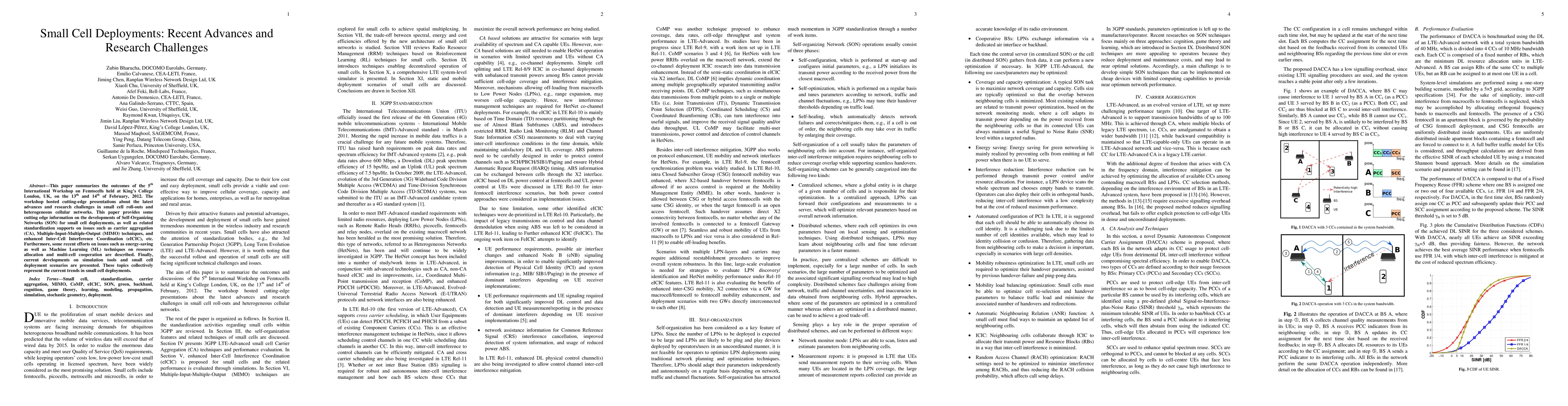 This paper reviews recent advances and challenges in small cell deployments, highlighting developments in Self-Organizing Networks, carrier aggregation, MIMO, and eICIC, alongside energy-saving and Machine Learning techniques. It also covers simulation tools and deployment scenarios discussed at the 5th International Workshop on Femtocells.
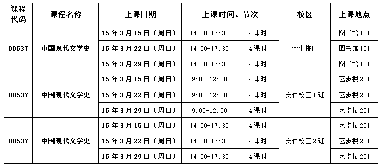 影视学院播音与主持专业自考本科2015年4月份统考课程学习安排通知
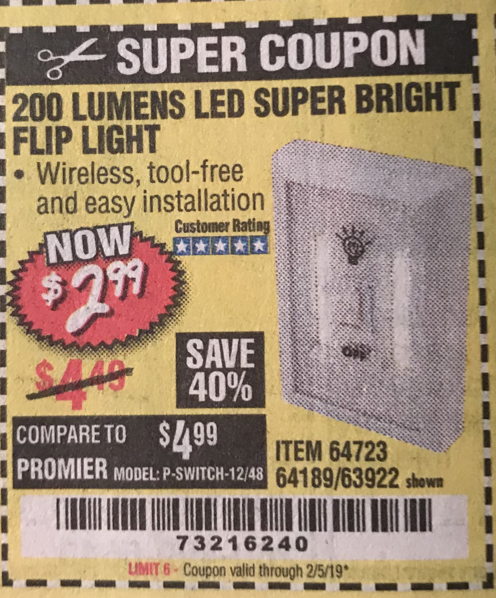 200 LUMEN LED SUPER-BRIGHT FLIP LIGHT Lot No. 64723/63922 Expired: 2/5/19 - $2.99 Coupon Code: '73216240'

### Assigned task
Reproduce exactly the line containing "影视学院播音与主持专业自考本科2015年4月份统考课程学习安排通知" and every line after it in the material above, up to and including the last. Exclude all pictures.

### Problem solution
 影视学院播音与主持专业自考本科2015年4月份统考课程学习安排通知
 200 LUMEN LED SUPER-BRIGHT FLIP LIGHT Lot No. 64723/63922 Expired: 2/5/19 - $2.99 Coupon Code: '73216240'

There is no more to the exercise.